Cam propped herself up with a pillow, sun showers of gold dust swirling around. ---Ivan?
---Really I don’t. We’ve gone over it, a hundred times.
---He thinks there’s no winter in Russia, Paris said mostly to himself. ---There’s winter in Russia you know? And it’s damn cold Rohr, damn cold.
Ivan shrugged them off and walked out of the living through the kitchen screen door onto the porch where he lit the last of his pack. A trip to the store had threatened since last weekend. He could hear his roommates, Paris talking. ---….his brother, that’s all.
---And so what? It’s his family Anthony. His only family.
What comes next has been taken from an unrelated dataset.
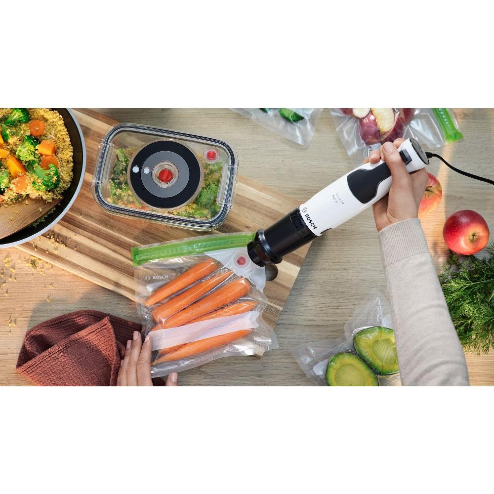 S tyčovým mixérem Bosch MSM4W410 se systémem QuattroBlade Pro bude mixování prostě hračka. Speciálně navržený tvar mixéru a jeho nízká hmotnost vám zajití maximální pohodlí během používání. Technologie AntiSplash pak zamezí nechtěnému stříkání surovin. Tvar mixovací nohy pak krásně přilne ke dnu nádoby. Už žádné šplíchance a nepořádek okolo. Rychlost si plynule regulujete pákovým spínačem, který reaguje na sílu stisku a je velmi intuitivní. Ovládání v pohodě zvládnete jednou rukou – ať už pravou či levou. Rukojeť je navíc opatřena protiskluzovým měkčeným materiálem s ergonomickým tvarem pro maximální pohodlí při práci.

An inaudible beat, where Paris no doubt advised Cam not to call him that.
---You know what he wants. Since before…we were planning New York that morning, remember?
Paris replied absently ---He’d be stuck with us if he didn’t have this…. The voice strained, reaching.
---Don’t, Ivan announced coldly from the porch. ---Don’t touch it.
---Not even for cigarettes?
---Not even for liquor.
---What if I bought a skirt, huh Ivan? I’d wear it only for you. I’ll let you see my scars. Cam’s flirtations devolved into stoned laughter, rolling about the bed, blowing kisses so close it made them dizzy.
Ivan Rohr and Anthony Peck made crew September, freshmen year. Both had fallen out of favor with the coaches by Columbus Day for “lax conditioning schedules.” Sophomore year, they were anonymous to the athletics department entirely. They threw parties, experimented with rolling cigarette and flavors of whiskey, talking about how unbelievably warm it was and about what professions they’d invade with degrees in Marketing and Engineering (respectively).
It was spring semester when they first tried Samantha Sweeting, champion equestrian, daughter of the dean, starlit eyes and a penchant for Jacob’s Creek. Excessively charitable, fell in love with everyone. Her skills in psychology, how jarring her eyes were---stuttering through brief, chemical naps---in short, changed everything.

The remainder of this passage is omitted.